I also don't think there is a huge issue with having a slower life and letting kids have down time after school. But it sort of depends what they're doing with it.

whaticecreamdoyouwant · 28/05/2026 23:12

My 4 year old has been going to gymnastics since he was 4 months old and he loves it so I can’t see him wanting to stop going any time soon but we stopped Rhythm Time because he lost interest and rarely joined in and we tried Diddikicks but he hated it so we stopped going 🤷‍♀️ Adults don’t continue with hobbies that they don’t like so why should children? 🤷‍♀️

I have currently got him on the waiting list for swimming lessons (1-1 SEN sessions) that you do have to pay for a whole term of upfront so if he gets a place I will be encouraging that but it’s a life skill and he loves going to the swimming pool and water parks so I’m hoping he will enjoy it!! ♥️

GardenCovent · 28/05/2026 23:12

Why not wait to see what they want to do?
Extra curriculum activities are important but only if the child enjoys them. Making a child do something they don’t want to do because you have decided they should is a recipe for disaster.
The only exception to this would be swimming lessons

Foraor · 28/05/2026 23:16

Yuja · 28/05/2026 22:19

If I could have my time again I would not allow my DC to get into competitive swimming. They get a lot out of it in many ways but it’s a brutal schedule on the whole family and I wish they had done a wider variety of sports. Once you’re half decent at swimming there is no time for anything else.

Exactly. Anything that compromises the family’s quality of life should be avoided.

Deenak · 28/05/2026 23:51

I think you just need to figure it out as you go, and parent the child you have in front of you at the time. Don't set arbitrary rules now.

That said, I'd switch out group swimming lessons for 1:1 over a much shorter period.

I don't care whether it's a team or individual sport, or music in an orchestra or whatever. Anything that involves peers in some way will do a similar thing to team sports. My child got way more socially out of his individual sport because he clicked with the other players and they hung out together etc. Whether they were playing against each other or on the same side was not the most important thing. They were all giving up their Saturday to do the same thing together, week in week out.

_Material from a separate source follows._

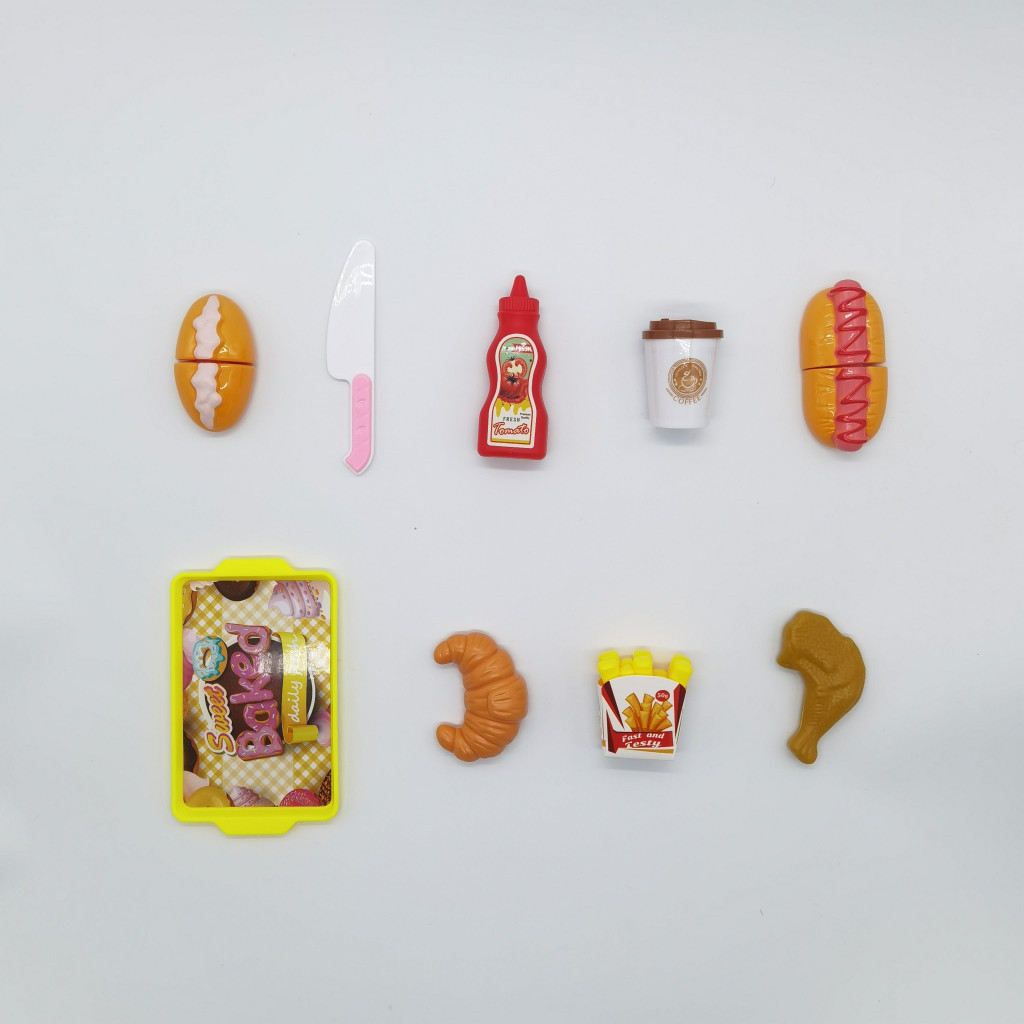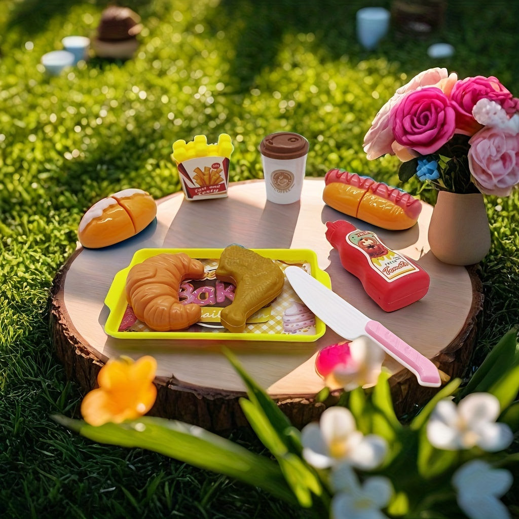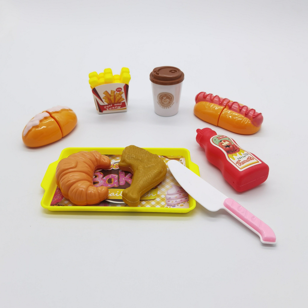 (Játékélmény) A készlet tartalmaz csirkelábakat, sült krumplit, paradicsomszószt, kenyeret és kávét, így a gyerekek különféle ételeket „készíthetnek”, fejlesztve ezzel kreativitásukat és képzelőerejüket.

Absolutely these things are too exhausting for some children. One of my children would run away and hide on the way home from school or lie on the pavement because he was so overwhelmed from a day at school. If yours can manage 3 activities a week that's lovely, but it doesn't mean you're parenting better than someone else whose child can't.

Ireallywantadoughnut36 · 29/05/2026 00:21

I wouldn't personally put rules in place, we always got led by them and my eldest did regular sport from 6, my youngest was more flighty and tried a variety of things but now aged 8 is settled into a sport. They do music at school and neither is that musical, it's expensive to push something they dislike and if they don't practice music then they make no progress anyway. I'd just see what they're interested in, try a few things and go with what they actually want to do - otherwise it's a waste of time and money, hobbies should be fun. Also, you might not get chance - here hockey isn't until y5/aged9 and netball was aged 8 - my dd likes team sports so she just had to wait for them. In my experience it's the opposite of forcing them, it's me restraining them, because if 2 of them want to do 2 hobbies each plus swimming lessons and fit homework in - then I basically drove all over the county most evenings and theyre exhausted- no thank you! Most kids are keen on having hobbies and it's logistics management to fit everything in.

The only thing I set a rule on was swimming, as its such an essential life skill for safety. They've kept it up and like it, but I only insisted they reach the stage of swimming a few lengths safely.